Despite calls from some to slow down the pace of reform following the EU Referendum vote, the Government is pressing ahead with its corporation tax reforms. These include the proposals for the reform of the corporation tax loss regime announced at the time of the last Budget, details of which were published in a consultation paper on 26 May 2016.
The draft Finance Bill clauses published on 5 December 2016 include the draft provisions to implement some (but not all) of the proposed changes.
THE MAY 2016 CONSULTATION
By way of reminder, the May 2016 consultation paper set out three main proposals:
- to allow the carry forward of losses (other than capital losses) arising after 1 April 2017 against taxable profits of different activities (and so relax some of the restrictions inherited from the old schedular system);
- to allow carried forward losses arising after 1 April 2017 to be made available by way of group relief to other members of a group; and
- to restrict the amount the amount of taxable profits that can be sheltered by carried forward losses to 50 per cent. of the taxable profits in excess of an allowance of £5m per group of companies.
THE DRAFT FINANCE BILL CLAUSES
The main elements of the May 2016 proposals are retained in the draft legislation.
Relaxations and clarifications
There are, however, some significant relaxations and clarifications.
- The proposed model of the legislation in the May 2016 consultation paper was overly-complicated. For post-April 2017 periods, it required total reliefs for a period to be off-set proportionately between trading and non-trading profits before applying the carry forward rules. It also retained a hierarchy of losses by requiring a company’s carried forward losses arising due to excess management expenses, UK property losses and non-trading losses on intangible fixed assets to be used in priority to carried forward trading losses and non-trading loan relationship deficits. These rather unnecessary complications in the proposed rules are being abandoned. This will allow companies and groups much greater flexibility in the proposed use of post-April 2017 losses.
- The distinction between pre-April 2017 and post-April 2017 losses will be retained, with the old restrictions continuing to apply to pre-April 2017 losses. However, in a further relaxation, the requirement in the May 2016 proposals for pre-April 2017 losses to be used in priority to any post-April 2017 losses is being dropped. Companies will also be able to elect for the automatic set-off of preApril 2017 carried forward trading losses against profits of the same trade in the next accounting period not to apply, but instead for those losses to carry forward to a later period. The combination of these changes will enable companies to choose whether or not to use pre-April 2017 losses before other available losses.
- A simplified calculation will be made available for companies who do not have (or elect not to use) any preApril 2017 trading losses or pre-April 2017 non-trading loan relationship deficits in a given accounting period.
- Losses will not automatically evaporate when a company goes into liquidation.
- Corporate groups will be allowed to allocate the £5m annual allowance between group members at their discretion. The definition of group will now be based on the definition used for group relief purposes, but with additional provisions to prevent fragmentation of existing groups in order to claim more than one £5m allowance.
Unintended consequences: fixed term investment projects
The Government has recognised that the proposed limits on the use of carried forward losses could have had significant effects on fixed term investment projects which make large up-front losses but which generate profits towards the end of the project.

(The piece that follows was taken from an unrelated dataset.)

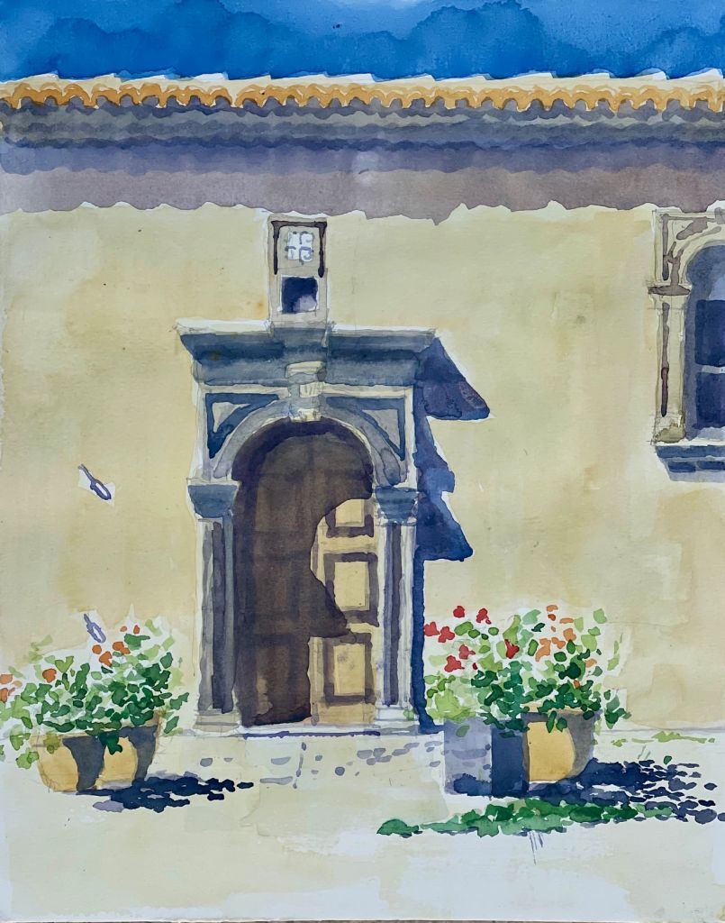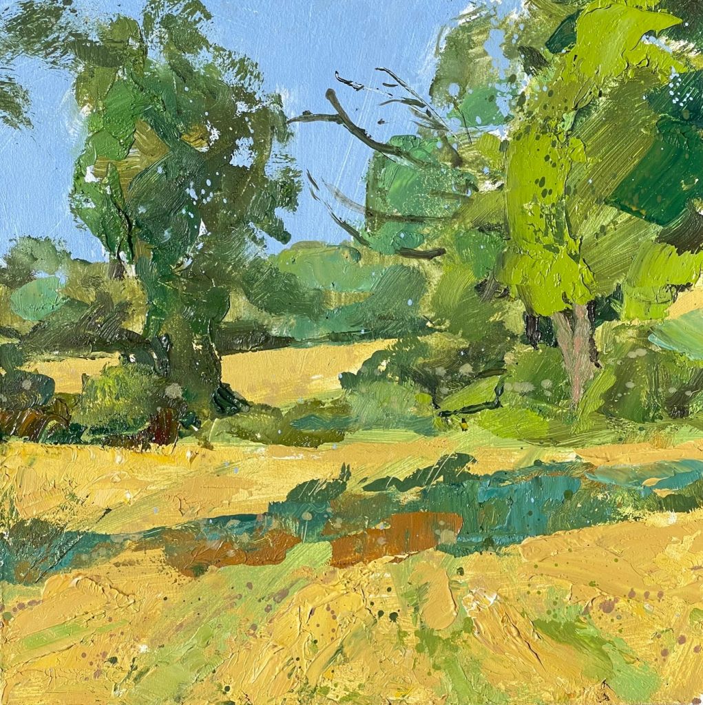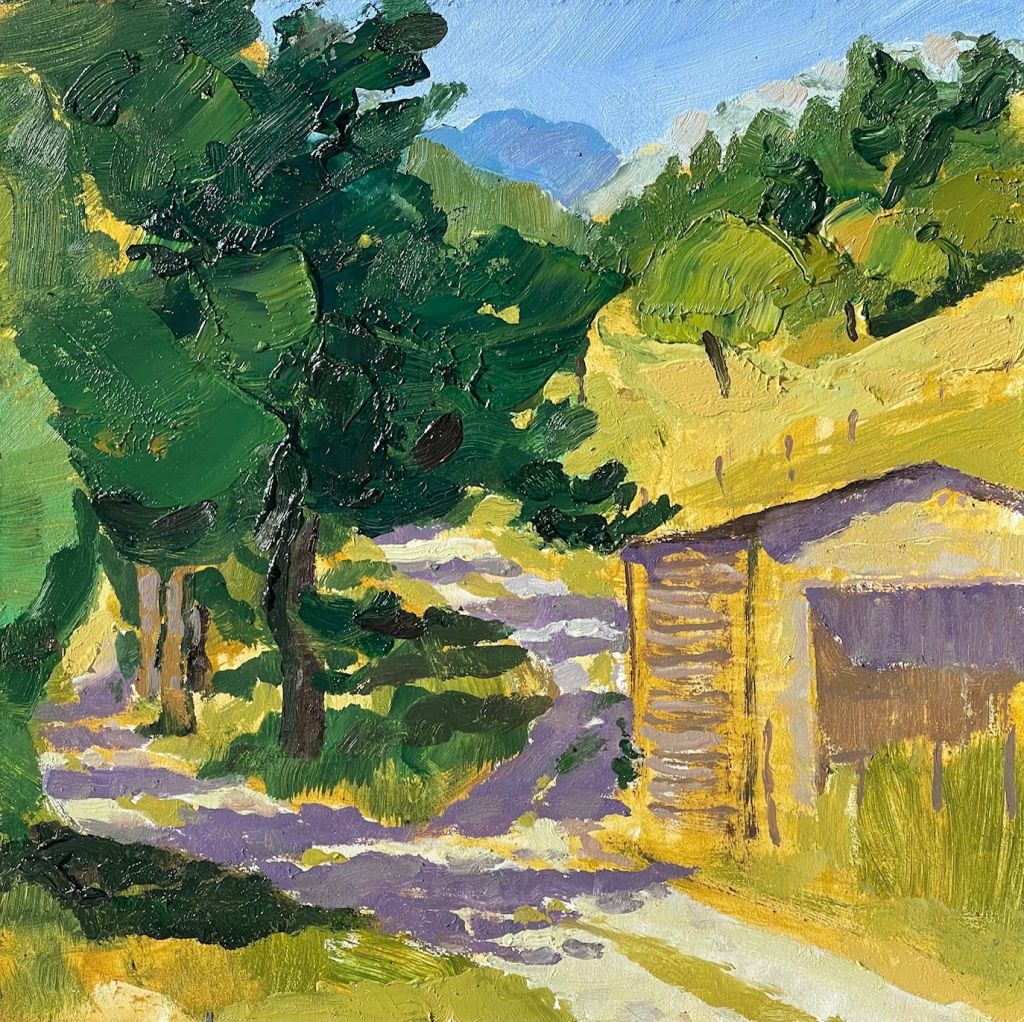 Oil on linen, 30 x 30 cm. Painted in May 2020 during Lockdown 1. A rarity of the family being together in one place for an extended period. Painting with Lily in the garden. Treasure in my memory.

- The Government is proposing to address this issue by allowing any carried forward losses which remain unused when a trade ceases to be carried back against profits for the final 36 months of trading without limit (i.e. without being subject to the £5m cap or 50% restriction above profits of £5m) provided that the profits arise after 1 April 2017. For post-April 2017 losses, the carry back will be allowed against total profits. For pre-April 2017, the carry back will only be permitted against profits of the same trade.
More anti-avoidance rules
The revised proposals also contain plans for a multitude of additional anti-avoidance rules, which have yet to be drafted. These will include:
- new rules to prevent the surrender of pre-acquisition carried forward losses to members of a new group for a period of five years after a company joins a new group;
- the extension of the existing restrictions on the use of losses following a change of ownership so that the relevant conditions will have to be met for a five-year period (as compared with the current three-year period) and to restrict the use of losses if the nature or conduct of a business changes within five years of a change in ownership (i.e. not just where there is a major change);
- new rules to re-impose the streaming of losses if a business becomes small or negligible (e.g. if a trade becomes small or negligible, any carried forward trading losses will only be available for set off against profits of the same trade); and
- new rules to prevent the refreshing of losses by converting carried forward losses into in-year losses which will extend not just to trading losses but to other losses as well;
- the introduction of regime-wide TAAR.
The rules will remain very complicated for banks to apply as they will still have to manage the combined effect of the new rules and the separate regime which applies to losses accruing prior to April 2015. In addition, the Government has also decided not to respond to pleas from the insurance industry to address the effect of the proposals on their regulatory capital position.
Furthermore, even after the proposed changes, the new regime will be a net cost to larger corporate groups. The figures published by HMRC at the time of the draft Finance Bill clauses predict that the effect of the new rules will be to increase the tax take by amounts ranging between roughly £250m and £400m in each of the first four years after their introduction.